- **Instructions for the task**
Recreate the listing that follows line for line, without pictures.

- **Recorded information**

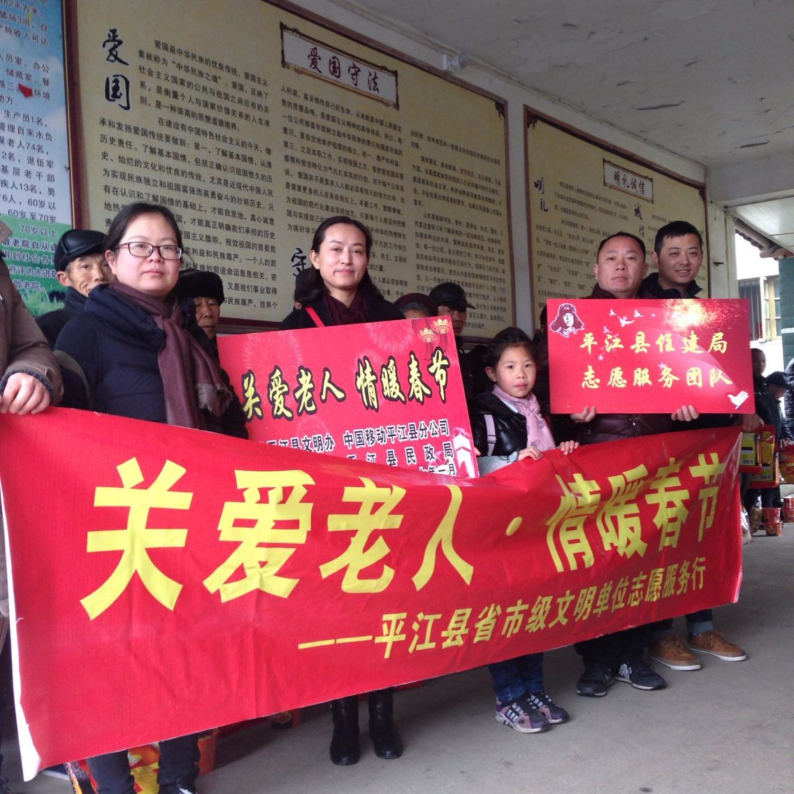 为加强干部职工思想道德建设,弘扬中华民族尊老爱幼的传统美德。1月18日上午,由县文明办牵头,县住建局等文明单位相关负责人来到平江县余坪敬老院开展春节送温暖活动,并为敬老院的老人们送去了米、面、油等慰问品,也送上新春的祝福。该院李院长向大家介绍了敬老院的概况及发展规划,引领大家参观了活动室、餐厅。大家纷纷进入老人的房间与老人们促膝谈心、嘘寒问暖。
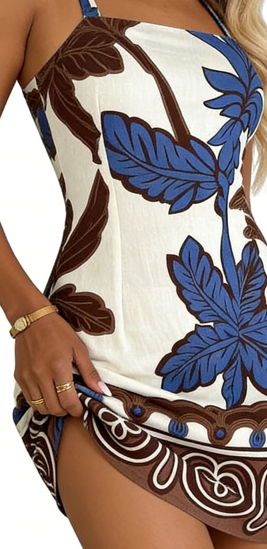 • Printing Method: Vibrant tropical leaf print (blue palm leaves + brown botanical motifs) with geometric border at hem
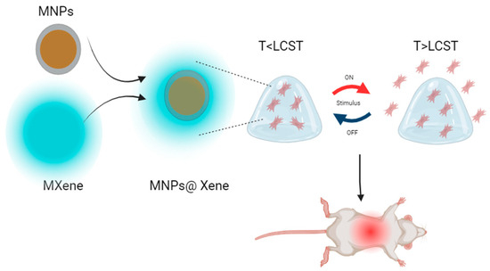 - Yang, X.; Zhang, C.; Deng, D.; Gu, Y.; Wang, H.; Zhong, Q. Multiple Stimuli-Responsive MXene-Based Hydrogel as Intelligent Drug Delivery Carriers for Deep Chronic Wound Healing. Small 2022, 18, 2104368. [Google Scholar] [CrossRef] [PubMed]

- **Response to this task**
 为加强干部职工思想道德建设,弘扬中华民族尊老爱幼的传统美德。1月18日上午,由县文明办牵头,县住建局等文明单位相关负责人来到平江县余坪敬老院开展春节送温暖活动,并为敬老院的老人们送去了米、面、油等慰问品,也送上新春的祝福。该院李院长向大家介绍了敬老院的概况及发展规划,引领大家参观了活动室、餐厅。大家纷纷进入老人的房间与老人们促膝谈心、嘘寒问暖。
 • Printing Method: Vibrant tropical leaf print (blue palm leaves + brown botanical motifs) with geometric border at hem
 - Yang, X.; Zhang, C.; Deng, D.; Gu, Y.; Wang, H.; Zhong, Q. Multiple Stimuli-Responsive MXene-Based Hydrogel as Intelligent Drug Delivery Carriers for Deep Chronic Wound Healing. Small 2022, 18, 2104368. [Google Scholar] [CrossRef] [PubMed]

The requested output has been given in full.